**DATA FOR PROCESSING**:
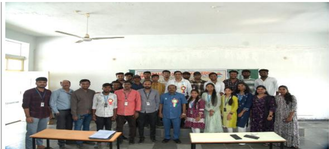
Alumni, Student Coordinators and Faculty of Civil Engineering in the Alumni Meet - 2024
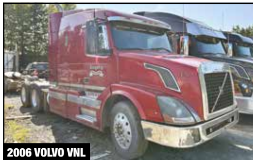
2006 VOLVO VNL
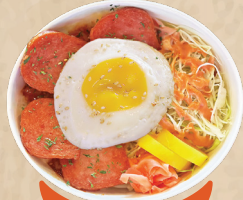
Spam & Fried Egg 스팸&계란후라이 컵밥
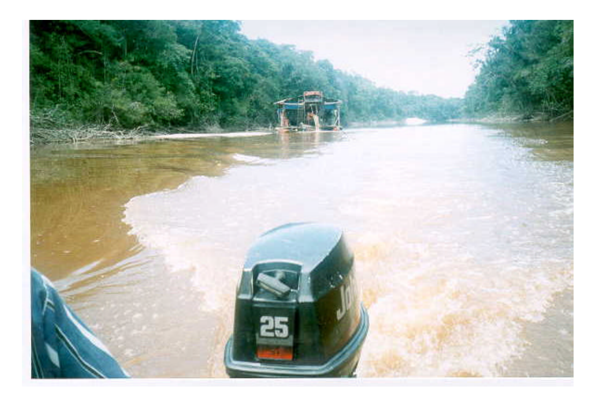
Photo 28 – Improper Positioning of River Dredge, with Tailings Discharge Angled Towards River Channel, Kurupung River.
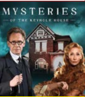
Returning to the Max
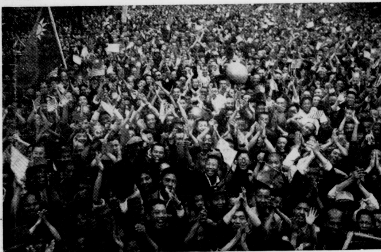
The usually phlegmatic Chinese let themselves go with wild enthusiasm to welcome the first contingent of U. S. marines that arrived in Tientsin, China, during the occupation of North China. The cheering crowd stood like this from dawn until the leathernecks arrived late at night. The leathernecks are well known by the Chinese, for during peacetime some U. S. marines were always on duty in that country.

==

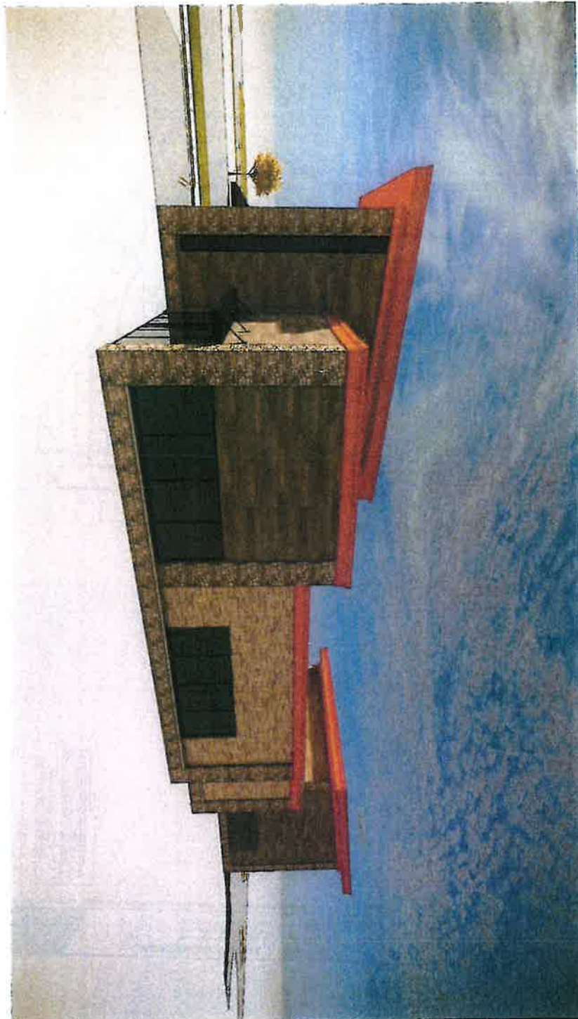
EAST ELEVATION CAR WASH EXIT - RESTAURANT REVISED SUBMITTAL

...

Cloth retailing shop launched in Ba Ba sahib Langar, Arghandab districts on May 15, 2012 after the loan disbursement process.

**THE PROBLEM**:
Your answer must be a copy of every line in the data above that holds the string "with".

**RESPONSE TO THE TASK**:
Photo 28 – Improper Positioning of River Dredge, with Tailings Discharge Angled Towards River Channel, Kurupung River.
The usually phlegmatic Chinese let themselves go with wild enthusiasm to welcome the first contingent of U. S. marines that arrived in Tientsin, China, during the occupation of North China. The cheering crowd stood like this from dawn until the leathernecks arrived late at night. The leathernecks are well known by the Chinese, for during peacetime some U. S. marines were always on duty in that country.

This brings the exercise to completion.